Work instructions >> Could you give the data below again exactly, apart from the pictures?

Dataset section START

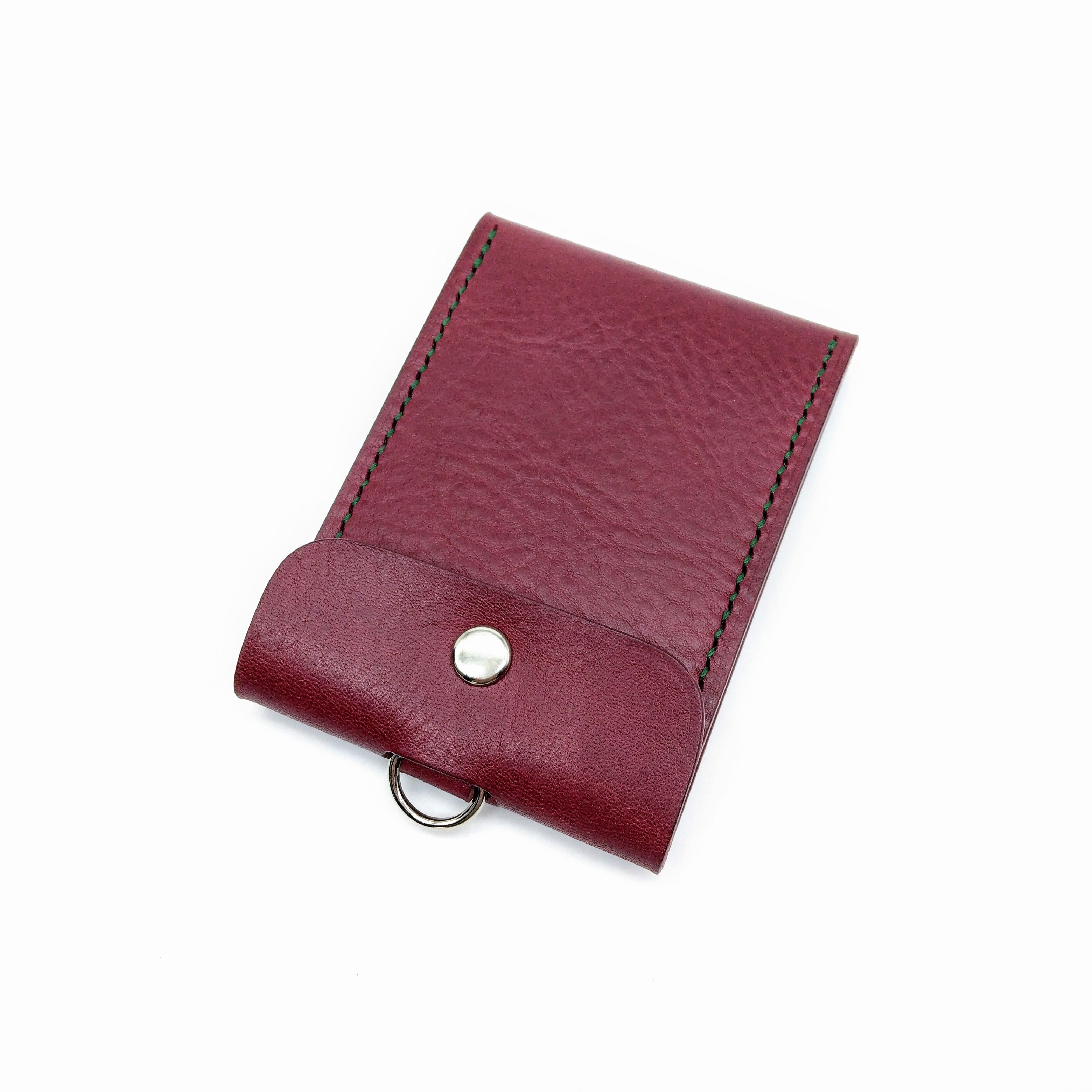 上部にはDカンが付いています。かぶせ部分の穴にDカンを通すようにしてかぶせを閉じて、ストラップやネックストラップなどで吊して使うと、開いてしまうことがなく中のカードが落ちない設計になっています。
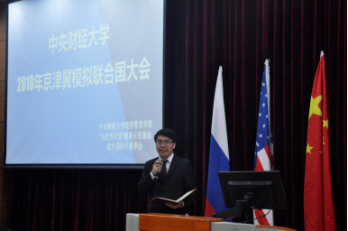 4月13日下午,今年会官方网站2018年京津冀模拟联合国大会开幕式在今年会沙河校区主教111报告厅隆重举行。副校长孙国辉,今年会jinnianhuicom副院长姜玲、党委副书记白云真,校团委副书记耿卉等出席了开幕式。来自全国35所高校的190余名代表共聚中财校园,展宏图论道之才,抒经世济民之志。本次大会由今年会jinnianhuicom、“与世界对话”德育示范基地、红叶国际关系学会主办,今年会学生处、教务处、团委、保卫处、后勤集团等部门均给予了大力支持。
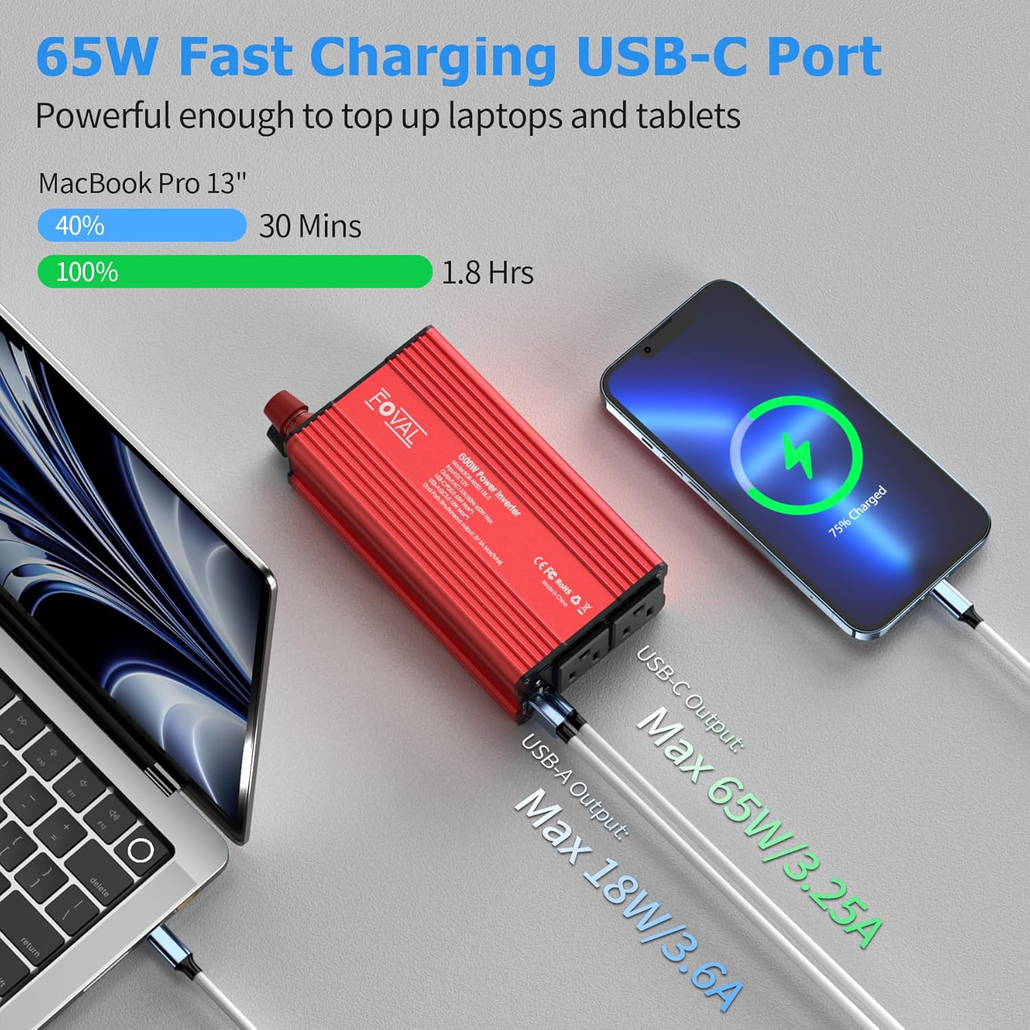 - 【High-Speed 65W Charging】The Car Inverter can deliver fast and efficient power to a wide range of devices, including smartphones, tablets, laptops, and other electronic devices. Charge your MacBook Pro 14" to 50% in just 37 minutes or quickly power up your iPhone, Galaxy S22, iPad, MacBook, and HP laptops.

Dataset section END

Answer to this problem >>
 上部にはDカンが付いています。かぶせ部分の穴にDカンを通すようにしてかぶせを閉じて、ストラップやネックストラップなどで吊して使うと、開いてしまうことがなく中のカードが落ちない設計になっています。
 4月13日下午,今年会官方网站2018年京津冀模拟联合国大会开幕式在今年会沙河校区主教111报告厅隆重举行。副校长孙国辉,今年会jinnianhuicom副院长姜玲、党委副书记白云真,校团委副书记耿卉等出席了开幕式。来自全国35所高校的190余名代表共聚中财校园,展宏图论道之才,抒经世济民之志。本次大会由今年会jinnianhuicom、“与世界对话”德育示范基地、红叶国际关系学会主办,今年会学生处、教务处、团委、保卫处、后勤集团等部门均给予了大力支持。
 - 【High-Speed 65W Charging】The Car Inverter can deliver fast and efficient power to a wide range of devices, including smartphones, tablets, laptops, and other electronic devices. Charge your MacBook Pro 14" to 50% in just 37 minutes or quickly power up your iPhone, Galaxy S22, iPad, MacBook, and HP laptops.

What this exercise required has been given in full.